━━━━━ DATA PROVIDED

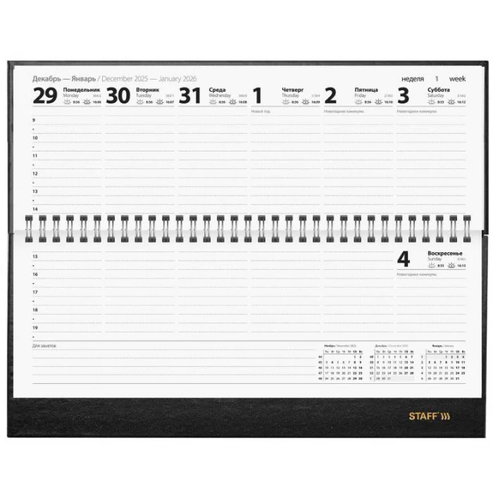 В датированном планинге STAFF все дни недели расположены на одном развороте, благодаря чему очень удобно планировать важные дела на неделю вперед.
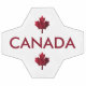 Canada en majuscules rouge foncé surmonté d'une feuille d'érable rouge ondulée et recouverte d'une feuille d'érable rouge à deux tons placée au-dessus et au-dessous du mot Canada. Placez-vous sur un blanc solide.
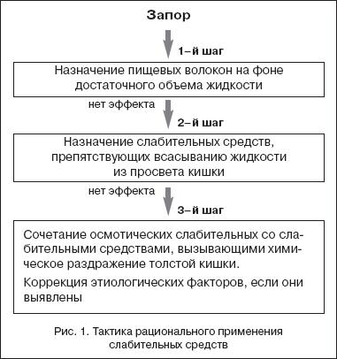 При использовании в свечах бисакодил увеличивает пропульсивную активность толстой кишки, и слабительный эффект наступает через 1 ч. Эту форму препарата применяют для быстрой очистки кишечника при подготовке пациента к срочной операции или инструментальному исследованию. В тонкой кишке бисакодил частично всасывается и, вступая в системный кровоток, увеличивает возможность токсического действия и развития аллергических реакций. Из препаратов, обладающих осмотическими свойствами , наибольшее распространение получили лактулоза и макрогол. Солевые слабительные (натрия сульфат, магния сульфат) для лечения хронических запоров практически не используют из–за болей в животе и формирования жидкого кала, что при частом употреблении приводит к водно–электролитным расстройствам.

━━━━━━━━━━

WORK TO BE COMPLETED:
Pictures stay out; output the lines from the top of the listing above through the line containing "Canada en majuscules", exactly as they stand.

THE COMPLETED TASK:
 В датированном планинге STAFF все дни недели расположены на одном развороте, благодаря чему очень удобно планировать важные дела на неделю вперед.
 Canada en majuscules rouge foncé surmonté d'une feuille d'érable rouge ondulée et recouverte d'une feuille d'érable rouge à deux tons placée au-dessus et au-dessous du mot Canada. Placez-vous sur un blanc solide.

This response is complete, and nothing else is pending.